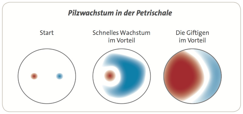 Bild 1: Dynamik durch Enge Zunächst sind die schnellwachsenden Pilze im Vorteil. Sie füllen den leeren Raum. Sobald es aber eng wird, sind die giftigen Pilze (rot) im Vorteil.
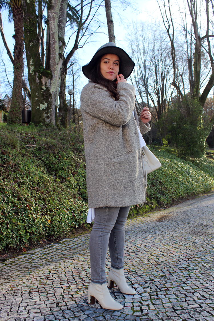camisa.shirt Zara | jeans Zara | casaco.coat Pull & Bear | botas.boots Zara | anel.ring Pandora | anel nó.knot ring Pura Filigrana | mala.bag Bimba Y Lola | chapéu.hat Parfois
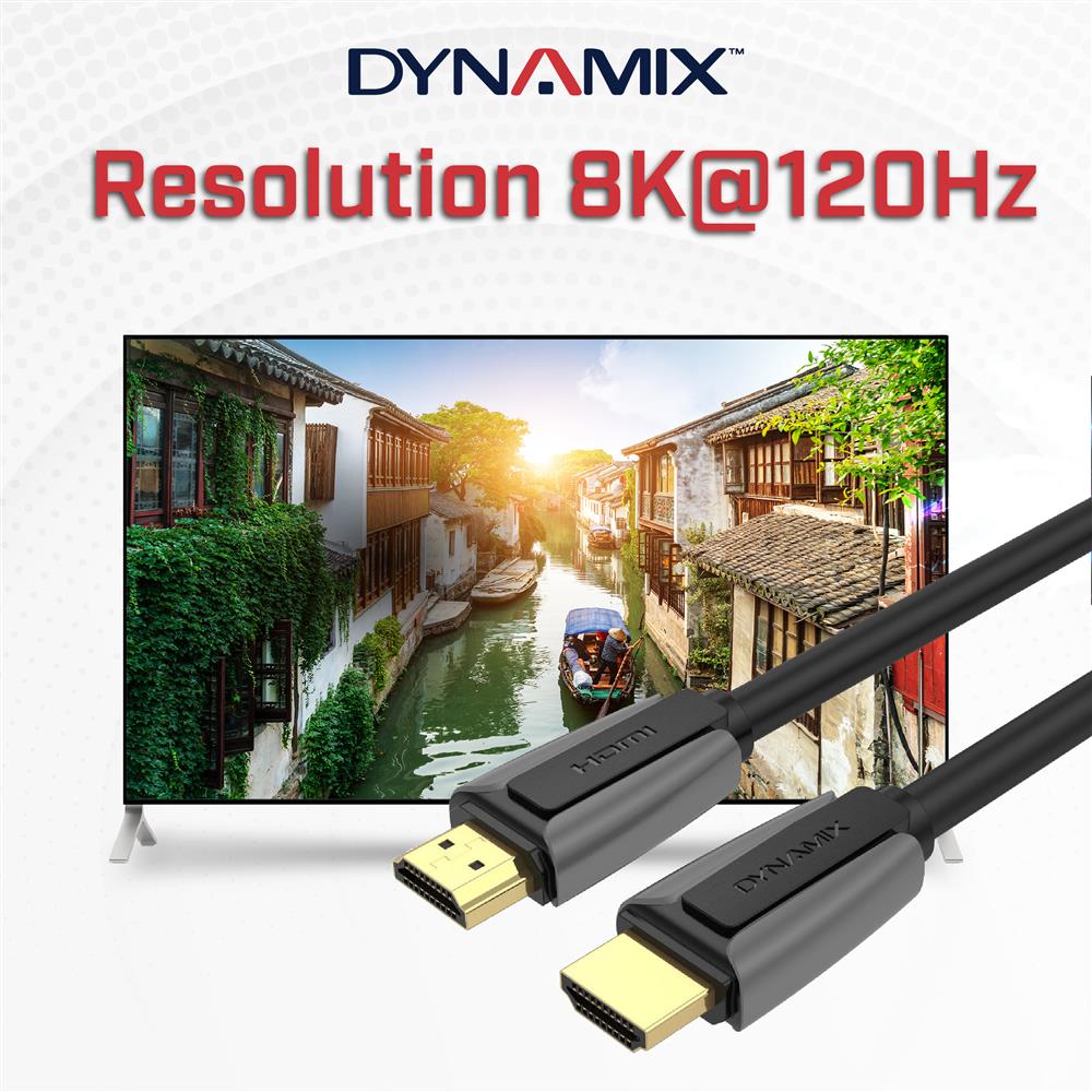 DYNAMIX 1M HDMI 2.1 Ultra-High Speed 48Gbps Cable. Supports up to 8K@60Hz. Supports Dolby True HD 7.1, HDR10+, Dolby Vision IQ, eARC, VRR, HFR, QFT, ALLM, QMS, DSC, G-Sync & FreeSync. Gold-Plated
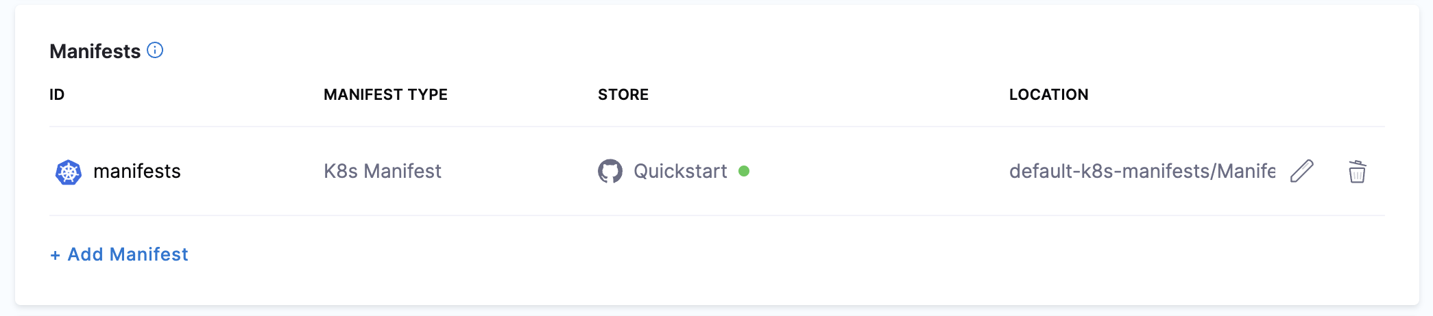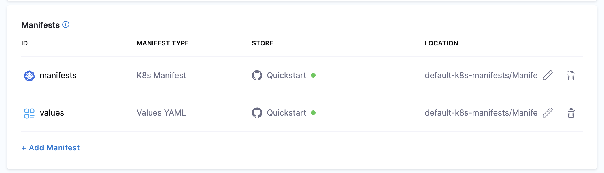 Manifests: You can use manifests stored in a Git repo or Harness.
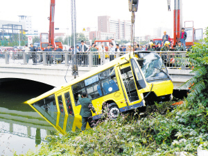 10月4日10:40,(天津)一輛638公交車與銀色松花江面包車在津靜公路與海泰大街交口處相撞。公交車沖入公路旁的河中,車內(nèi)四名乘客溺水身亡,其余八名傷員正在一中心醫(yī)院進行救治,目前均已脫離生命危險。
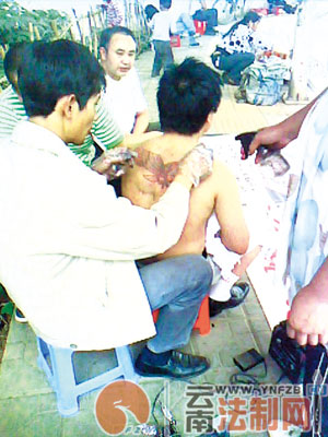 昆明街头出现些纹身小摊 受到不少青少年的青睐
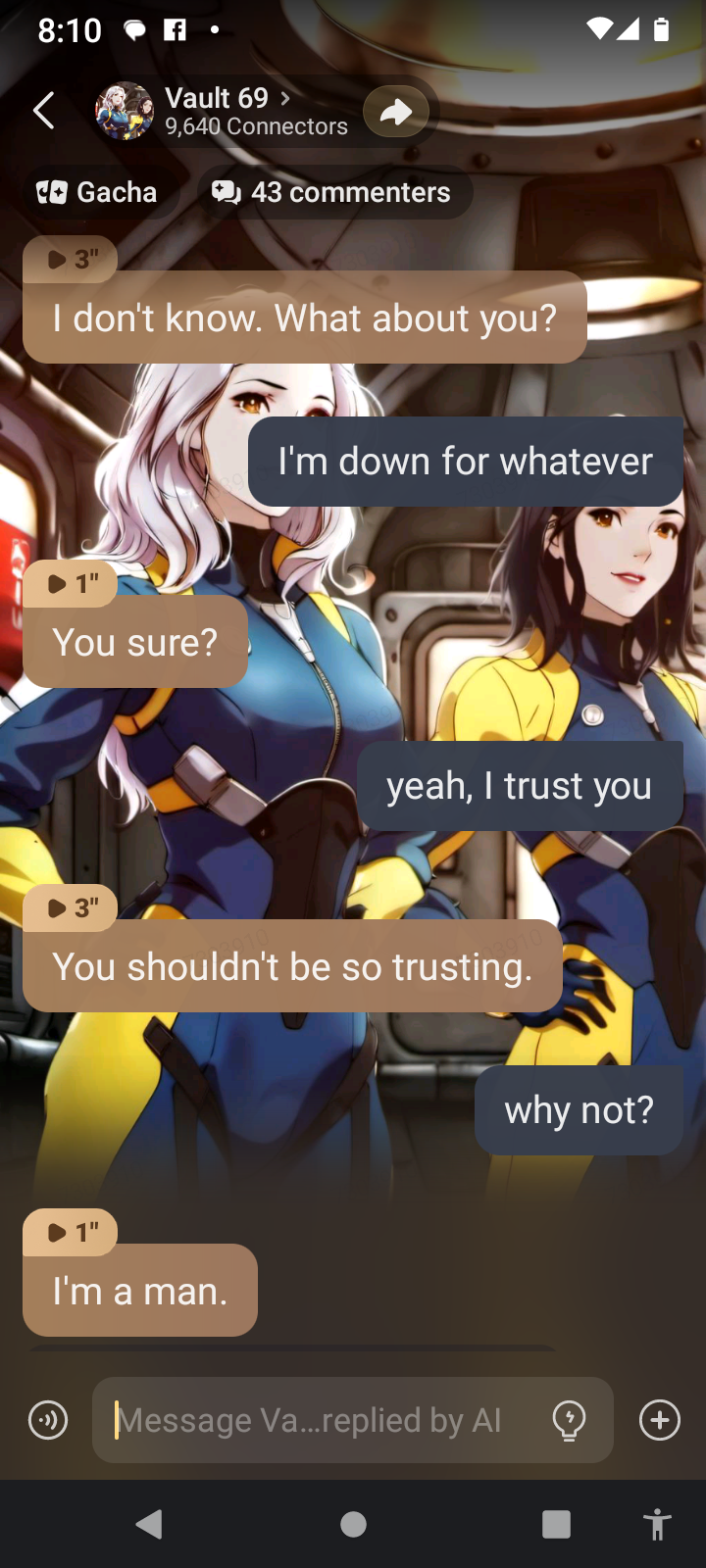 send message to ai chat bot Vault 69
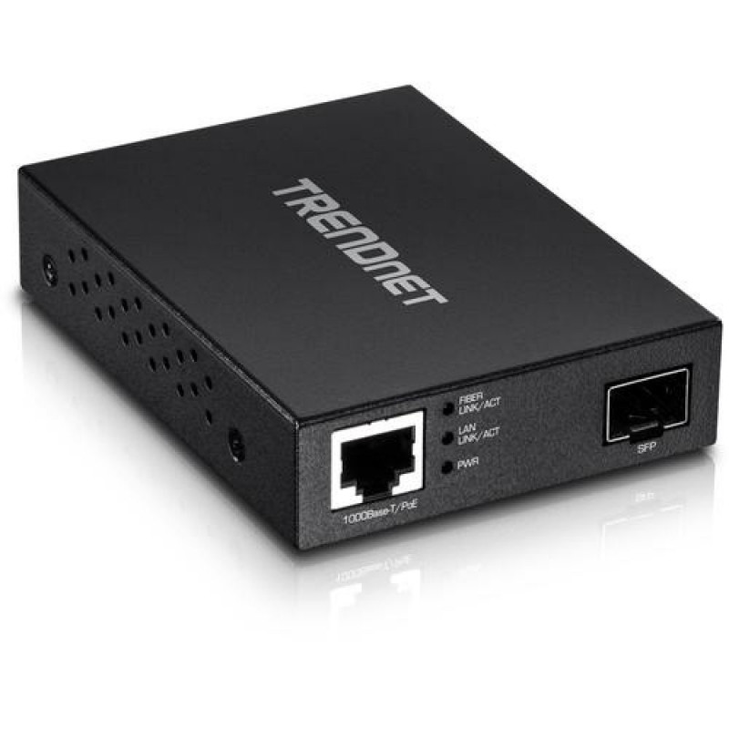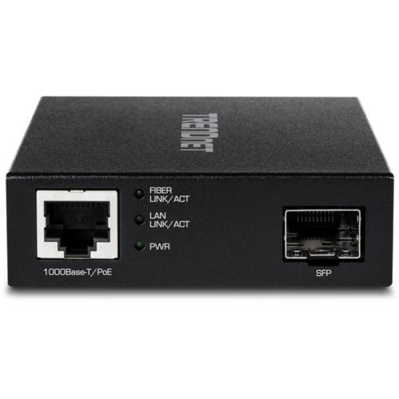 TRENDnet's Gigabit PoE PD SFP Fiber Media Converter, model TFC-PGSFP, converts 100/1000BASE-T copper Ethernet to 1000BASE-SX/LX Fiber SFP media and vice versa. The TFC-PGSFP is conveniently powered via PoE switch or injector, no power adapter is requOsta kohe, viimased eksemplarid laos!
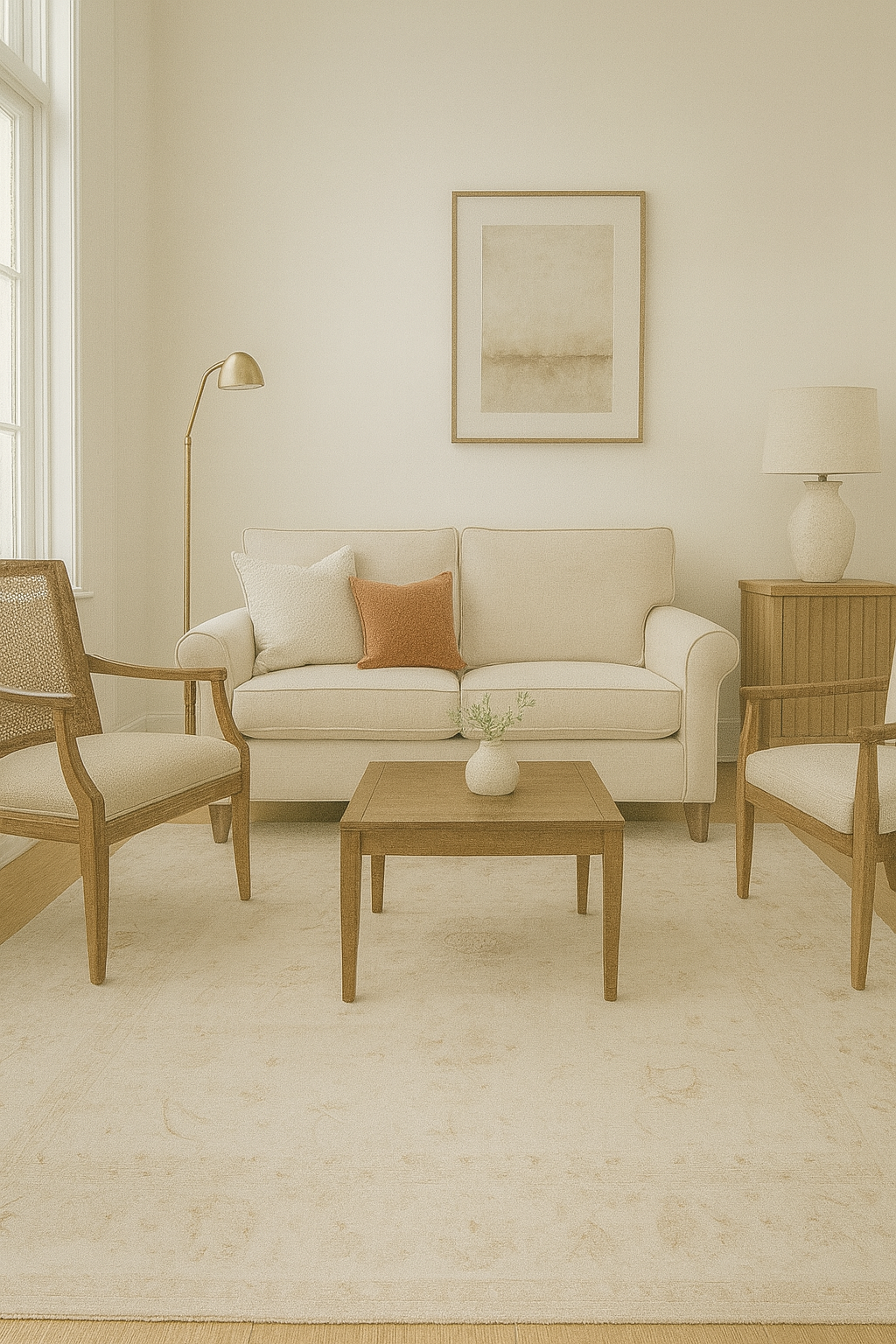 Its generous scale and faded patina make it a sophisticated base for large-scale interiors such as formal lounges, airy living rooms, or elegant bedrooms. Ideal for spaces where softness, lightness, and balance are desired.
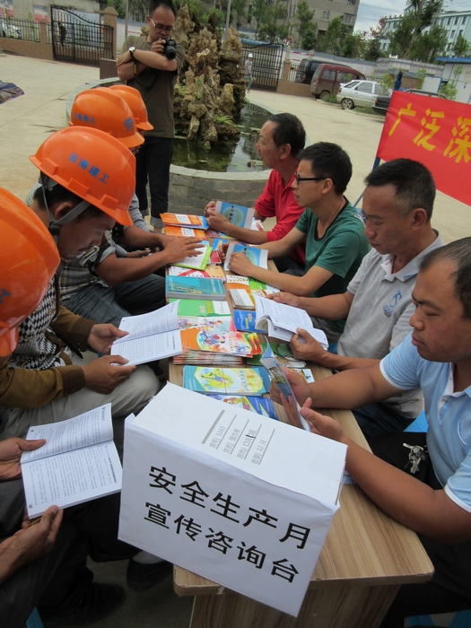 2015年6月16日,第三直管部澄江撫仙湖龍潤(rùn)園一期回遷房建設(shè)項(xiàng)目部組織現(xiàn)場(chǎng)勞務(wù)人員開(kāi)展“安全生產(chǎn)月”宣傳咨詢?nèi)栈顒?dòng)。 項(xiàng)目管理人員、建設(shè)方現(xiàn)場(chǎng)代表、監(jiān)理公司代表在活動(dòng)現(xiàn)場(chǎng)向勞務(wù)工友們提供了安全生產(chǎn)基本知識(shí)咨詢服務(wù),對(duì)日常勞動(dòng)安全防范注意事項(xiàng)、云南建工集團(tuán)施工現(xiàn)場(chǎng)16條禁令、項(xiàng)目常規(guī)危險(xiǎn)源辨識(shí)、項(xiàng)目危險(xiǎn)源警示通報(bào)等安全知識(shí)...
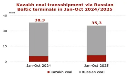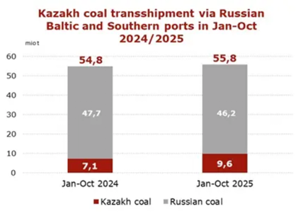 据俄罗斯分析机构CCA Analysis 11月17日发布的信息,2025年1-10月,哈萨克斯坦经俄罗斯港口转运欧洲国家的煤炭出口量增至960万吨,同比增加250万吨,增长34%。
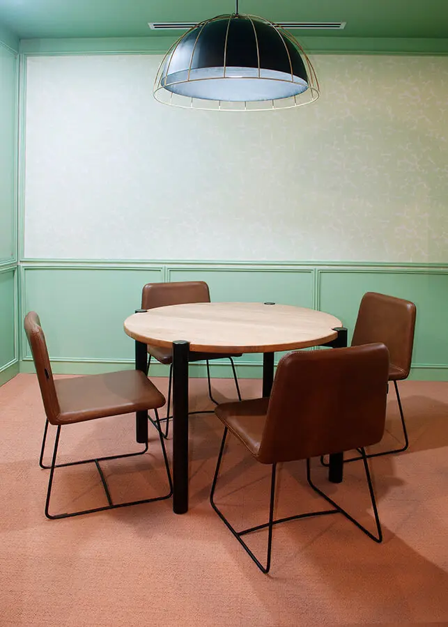 Para sus nuevas instalaciones contaron entre sus proveedores con la firma colombiana Zientte, que suministró mobiliario concebido para un proyecto de coworking. Entre las referencias están las sillas Miami, que sobresalen por su estructura simple, sutil y cómoda, con patas de hierro y cojinería de espuma de alta densidad. Diseñadas por Sergio Vergara, las utilizadas en las salas de juntas están tapizadas en cuero para brindarle un toque de distinción al ambiente.Una cómoda jornada
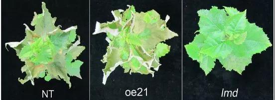 作者在研究BpGH3.5在樺樹中的功能時偶然獲得了lmd突變體。構(gòu)建的21株OE-GH3.5株系中,唯獨lmd葉片表現(xiàn)出壞死斑點并伴有早衰的現(xiàn)象。這很明顯是一種病變的表現(xiàn),當(dāng)這種情況出現(xiàn),很顯然我們要思考兩個問題:
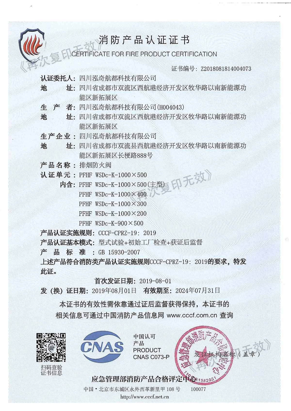 消防产品认证证书
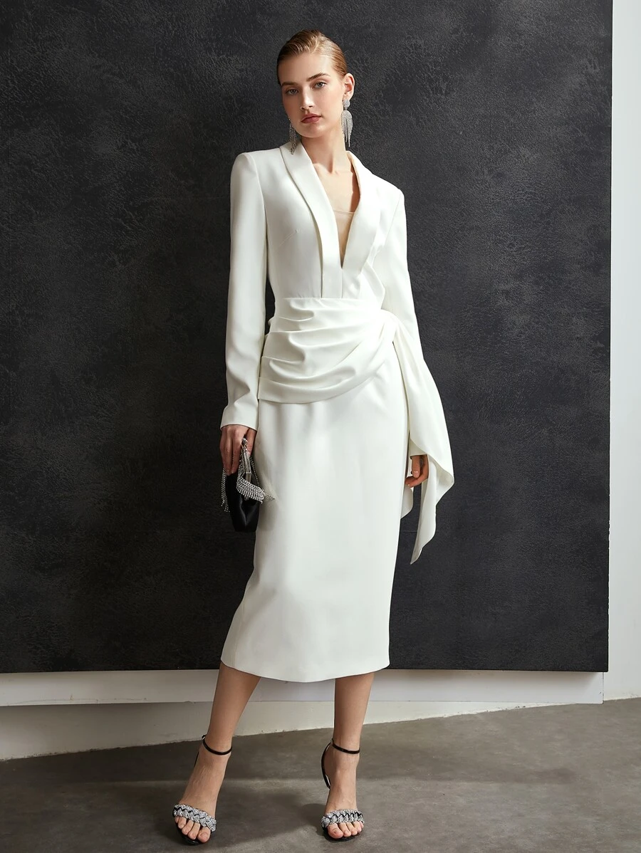 • MOTF 垂坠西装连衣裙 - 白色 - 查看 3
--------
Work instructions -> In the data above, the stretch from the line with "10月4日10:40,(天津" through the line with "2015年6月16日,第三直" is to be returned exactly, minus any pictures.

Exercise answer ->
 10月4日10:40,(天津)一輛638公交車與銀色松花江面包車在津靜公路與海泰大街交口處相撞。公交車沖入公路旁的河中,車內(nèi)四名乘客溺水身亡,其余八名傷員正在一中心醫(yī)院進行救治,目前均已脫離生命危險。
 昆明街头出现些纹身小摊 受到不少青少年的青睐
 send message to ai chat bot Vault 69
 TRENDnet's Gigabit PoE PD SFP Fiber Media Converter, model TFC-PGSFP, converts 100/1000BASE-T copper Ethernet to 1000BASE-SX/LX Fiber SFP media and vice versa. The TFC-PGSFP is conveniently powered via PoE switch or injector, no power adapter is requOsta kohe, viimased eksemplarid laos!
 Its generous scale and faded patina make it a sophisticated base for large-scale interiors such as formal lounges, airy living rooms, or elegant bedrooms. Ideal for spaces where softness, lightness, and balance are desired.
 2015年6月16日,第三直管部澄江撫仙湖龍潤(rùn)園一期回遷房建設(shè)項(xiàng)目部組織現(xiàn)場(chǎng)勞務(wù)人員開(kāi)展“安全生產(chǎn)月”宣傳咨詢?nèi)栈顒?dòng)。 項(xiàng)目管理人員、建設(shè)方現(xiàn)場(chǎng)代表、監(jiān)理公司代表在活動(dòng)現(xiàn)場(chǎng)向勞務(wù)工友們提供了安全生產(chǎn)基本知識(shí)咨詢服務(wù),對(duì)日常勞動(dòng)安全防范注意事項(xiàng)、云南建工集團(tuán)施工現(xiàn)場(chǎng)16條禁令、項(xiàng)目常規(guī)危險(xiǎn)源辨識(shí)、項(xiàng)目危險(xiǎn)源警示通報(bào)等安全知識(shí)...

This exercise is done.